╭─ DATA RECORDS

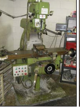
Vertical milling machine

This brochure is only a partial listing. PLEASE VISIT OUR WEBSITE FOR MORE DETAILED LISTINGS AND PHOTOS www.corpassets.com
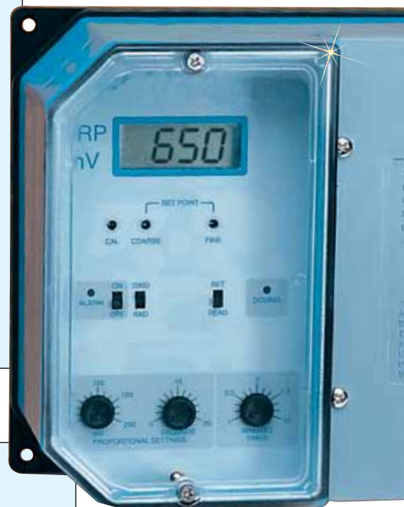
ORCN-901 shown smaller than actual size.
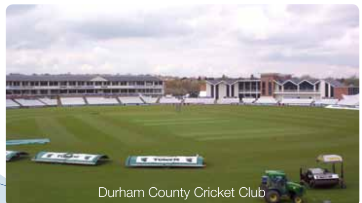
Durham County Cricket Club
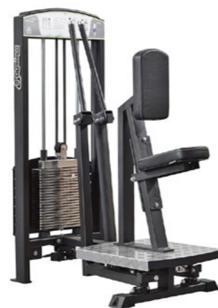
Rear Deltoid Shoulder Art.nr: 333

Length: 147 cm Width: 70 - 174 cm Height: 149 cm
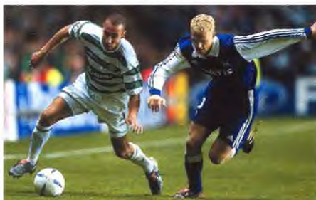
UEFA Champions League, November 5, 2003 CELTIC 3 v 1 ANDERLECHT
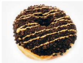
D7 OREO CASTLE RING
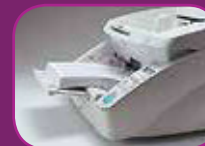
Middle position (300 sheets)
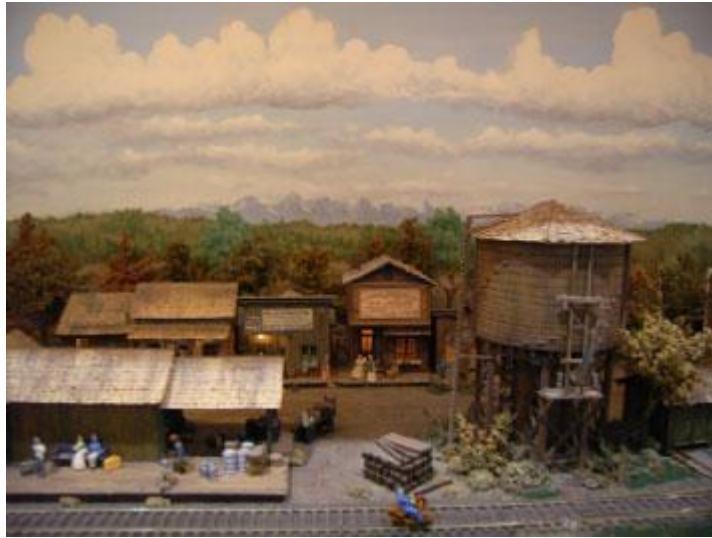
Campbell Scale Models Diorama

Other crowd-pleasers included two award-winning dioramas created by Dick Hotchkiss (Merlin, OR) featuring G-scale trains, and a display of railroad-themed quilts from the Jacksonville Museum Quilters.
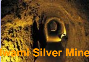
Iwami Silver Mine
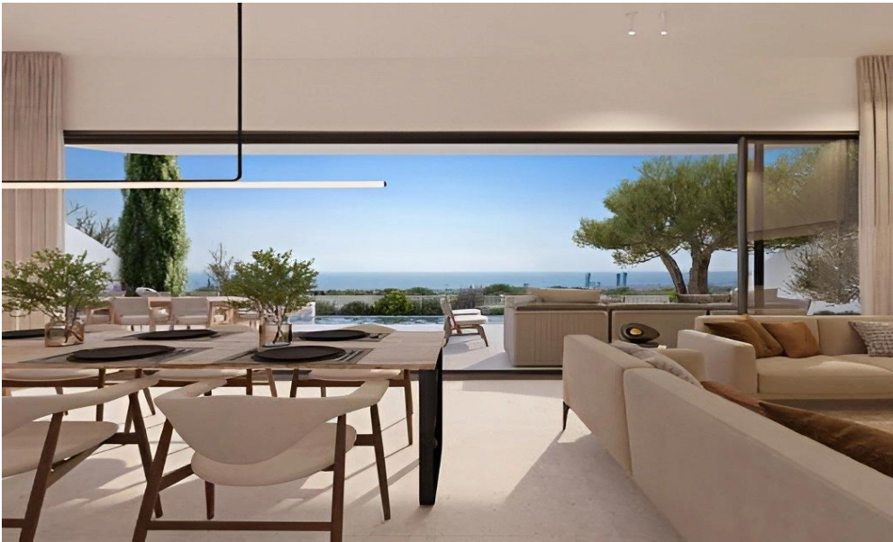
VILLAS 1 – 7 THREE-BEDROOM VILLAS
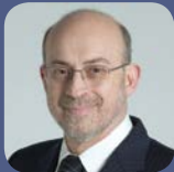
Steven E. Nissen, MD, MACC Top Cardiovascular Physician - Scientist & Pioneer of IVUS
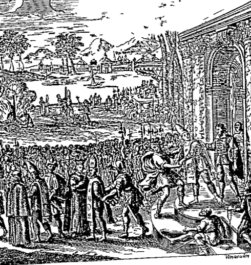
No 10. Campo Sancto Lazaro in Goa, where condemned prisoners were burnt. (See pt. II, p. 60).
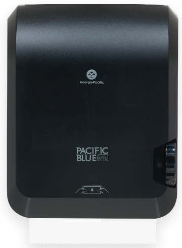
Mechanical Towel Dispenser
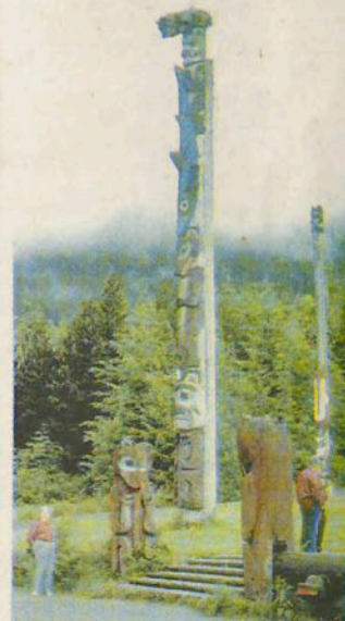
Left: Restored Victorians buildings in Skagway's National Historic District. Right: A totem pole collection in Ketchikan attracts cruise passengers.
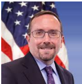
Ambassador John Bass , Current United States Ambassador to Turkey; Former United States Ambassador to Georgia
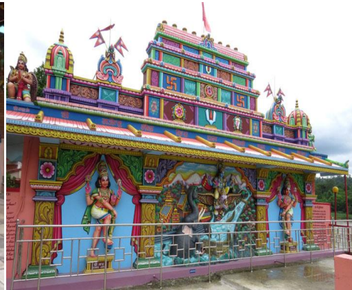
Gajendra Moksha Dham

There is another holy place nearby Valimiki Ashram called Gajendra Moskhya Dham. It is located on the bank of Narayani (Gandak) River nearby Triveni Dham. According to the Vishnu Purana, Lord Vishnu saved the Gaja, an elephant from the Graha, a crocodile while they were wrestling for a life.
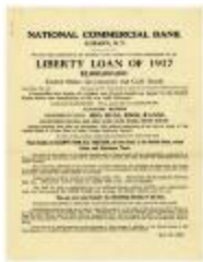
Liberty Loan of 1917 (NYSA_A3167-78A_B7_WW1_Material_05)
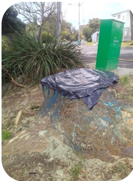
ABOVE: City of Cape Town ISU contracted staff chipping PSHB infested felled trees in Mowbray and a typical depiction of the methods applied post clearing: a blue herbicide was applied and black plastic covering was used to cover the stump.
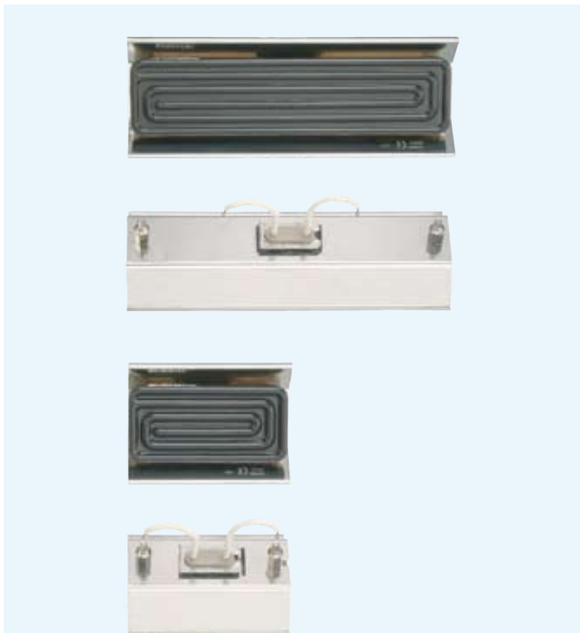
Fig. 71: Elstein construction set REF/250 with SHTS/1 (Top) Elstein construction set REF/125 with SHTS/2 (Down)

By quoting the REF/250 or REF/125 construction set designations and the radiator type required, the REO/250 and REO/125 reflectors are available fitted with the FSR, FSM, HFS, HSR, HTS and SHTS series ceramic infrared panel radiators.

╰─

Look above for the line with "Other crowd-pleasers included" and copy exactly from it through the line with "Mechanical Towel Dispenser", both included. Omit the pictures.

• [TASK OUTPUT]
Other crowd-pleasers included two award-winning dioramas created by Dick Hotchkiss (Merlin, OR) featuring G-scale trains, and a display of railroad-themed quilts from the Jacksonville Museum Quilters.
Iwami Silver Mine
VILLAS 1 – 7 THREE-BEDROOM VILLAS
Steven E. Nissen, MD, MACC Top Cardiovascular Physician - Scientist & Pioneer of IVUS
No 10. Campo Sancto Lazaro in Goa, where condemned prisoners were burnt. (See pt. II, p. 60).
Mechanical Towel Dispenser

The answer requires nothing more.